Maybe don’t build a new PC right now? AMD just announced it’ll unwrap its next-gen Ryzen 7000 processors on August 29th — where it’ll hopefully stop teasing us with vague but promising Zen 4 improvements and announce some actual chips for our devices.
What we already know: the Ryzen 7000 processors are the first PC chips based on a 5nm process, the first AMD desktop chips to boost past 5GHz, and their AM5 motherboard platform is the first from AMD to support DDR5 and PCIe 5.0 out of the box — depending on which motherboard you buy.

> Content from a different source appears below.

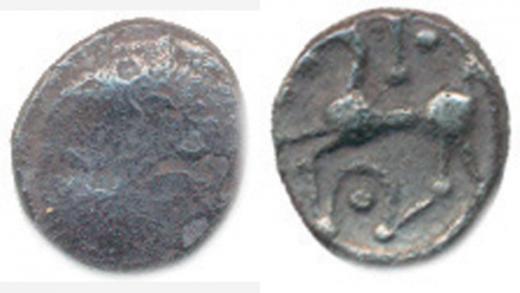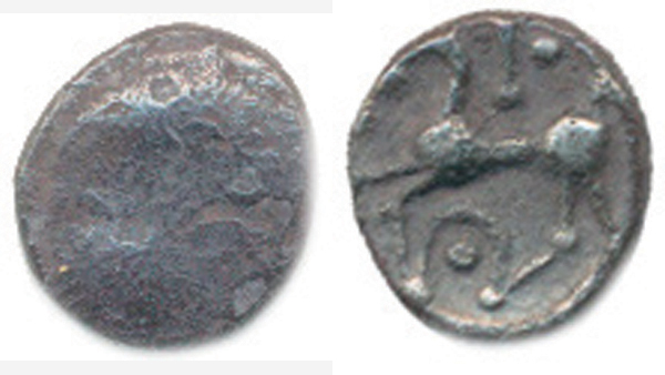 Ag mince, koníček zleva, styliz.jezdec - za ním kulička 9 mm 0,628 g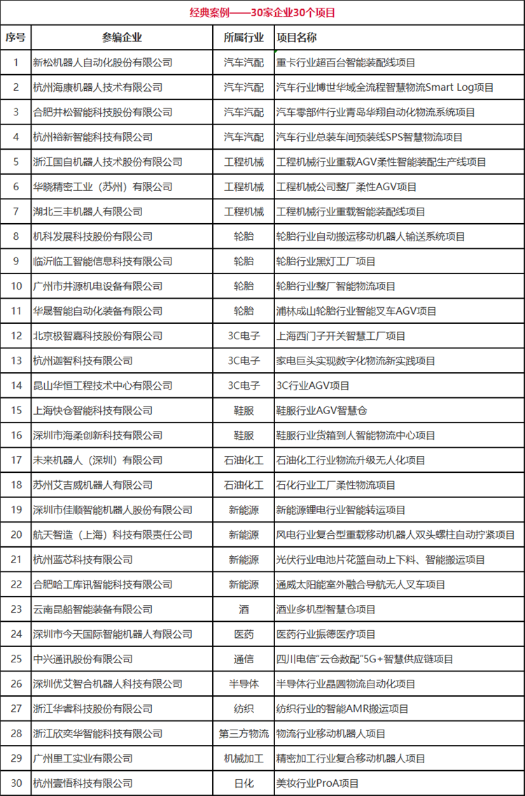 為了更好的宣導(dǎo)和展示從91年國(guó)產(chǎn)AGV落地應(yīng)用以來在各行各業(yè)的經(jīng)典案例,以及將案例與技術(shù)相結(jié)合,凸顯行業(yè)前瞻技術(shù)的論文集萃。中國(guó)移動(dòng)機(jī)器人(AGV/AMR)產(chǎn)業(yè)聯(lián)盟與新戰(zhàn)略移動(dòng)機(jī)器人產(chǎn)業(yè)研究所聯(lián)合出版了《中國(guó)工業(yè)應(yīng)用移動(dòng)機(jī)器人經(jīng)典案例匯編及技術(shù)發(fā)展論文集(2021版)》。具體入選案例名錄如下:

Oh, and you’ll have to buy a new motherboard because AMD is finally, understandably, breaking compatibility with the long-lived AM4 platform and switching away from pins on the CPU. (Your AM4 cooler can still come along for the ride.) And yes, the new Ryzen 7000 desktop chips really do have a crown-shaped lid.
In case you don’t follow AMD closely, these will be the first desktop chips from AMD since its popular Ryzen 5000 series, because Ryzen 6000 was just for laptops and other mobile devices. But the company isn’t alternating between laptops and desktops, either: AMD’s also planning to release some Ryzen 7000 chips for both “extreme gaming laptops” and thin-and-lights as soon as next year.
Some other reasons to maybe not buy or build a new PC right now: RAM prices are reportedly falling, and while graphics cards have already hit MSRP or below, Chinese supply chain sources now claim Nvidia and AMD will slash GPU prices even more at the end of August. You might also consider why Nvidia and AMD might be clearing those shelves: we’re expecting a new generation of GPUs from each of them before 2022 is out.
Do note that Intel may raise CPU prices, though. Or at least that’s what we heard before the PC market took a huge dip and Intel surprised investors with a sudden half-billion-dollar loss.